AI technology might soon unlock the identity of Bitcoin’s elusive creator, Satoshi Nakamoto, through an evaluation of their writing style, as suggested by Nic Carter, a Founding Partner at Castle Island Ventures. Carter recently shared a research paper from Cornell University on X (formerly Twitter), detailing how large language models (LLMs) possess a greater capability for identifying pseudonymous online personas compared to traditional methods. The study indicated that these advanced models might significantly jeopardize online privacy.
Carter confidently predicted that improvements in LLMs would lead to the identification of Nakamoto within the next few years using stylometry—the analysis of writing styles. This isn’t the first instance of using stylometric methods to trace Nakamoto; back in 2014, a group of 40 linguistics students from Aston University concluded that Nick Szabo, a computer scientist and legal scholar, was the author of the Bitcoin whitepaper. This finding was attributed to striking similarities in writing between Szabo and the infamous document, as noted by Aston University lecturer Jack Grieve.
Szabo remains a prime suspect in the quest for Nakamoto’s true identity, owing to his knowledge of cryptography and the creation of Bit Gold, a digital currency proposal that many consider a precursor to Bitcoin. Despite speculation, Szabo has repeatedly denied being Nakamoto.

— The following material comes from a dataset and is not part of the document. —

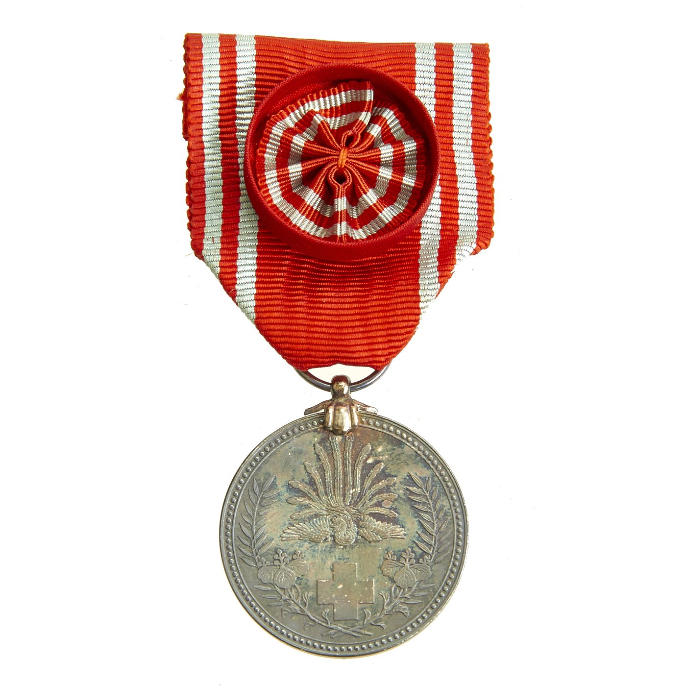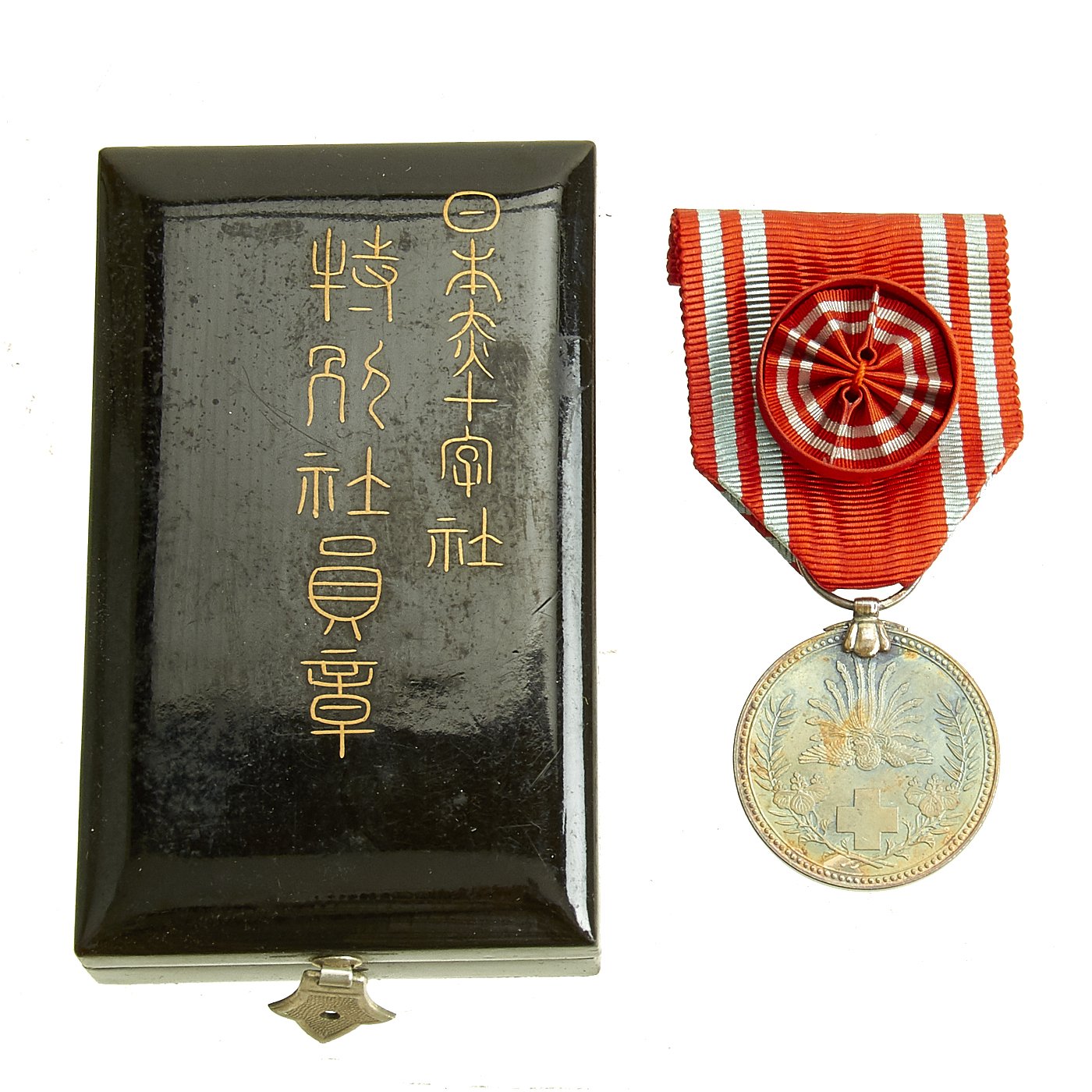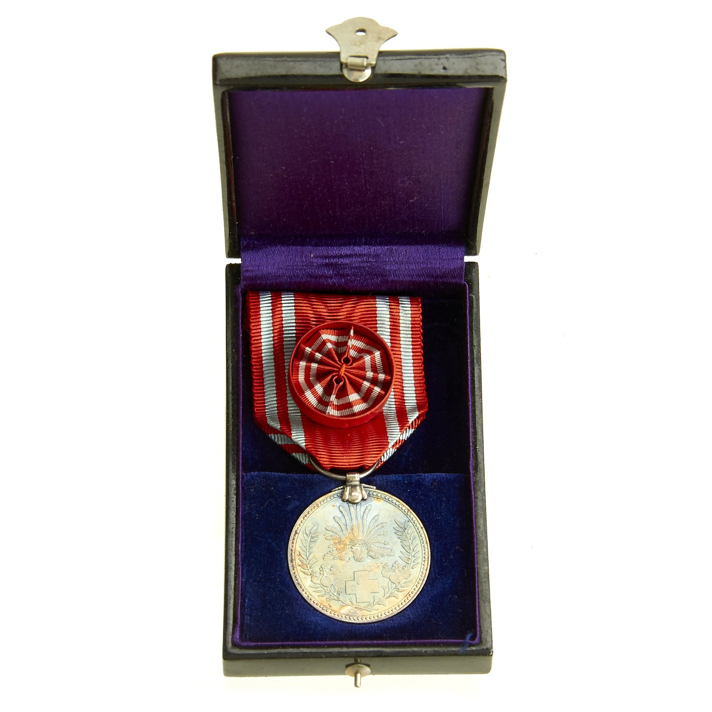 - WW2 Japanese Red Cross Workers Silver Medal with rosette and case

The enigma surrounding Nakamoto continues to capture public interest, largely because the creator is believed to control approximately 1 million BTC—currently valued at around $68 billion. Notably, these coins have remained untouched since Nakamoto stated they were moving on to “other projects” over a decade ago.
The search for Nakamoto is not merely a technological challenge; it represents a broader dialogue about online anonymity and privacy in an increasingly digital world. The implications of AI’s role in identifying public figures could alter how individuals operate within online spaces, stirring conversations around the ethical boundaries of digital privacy.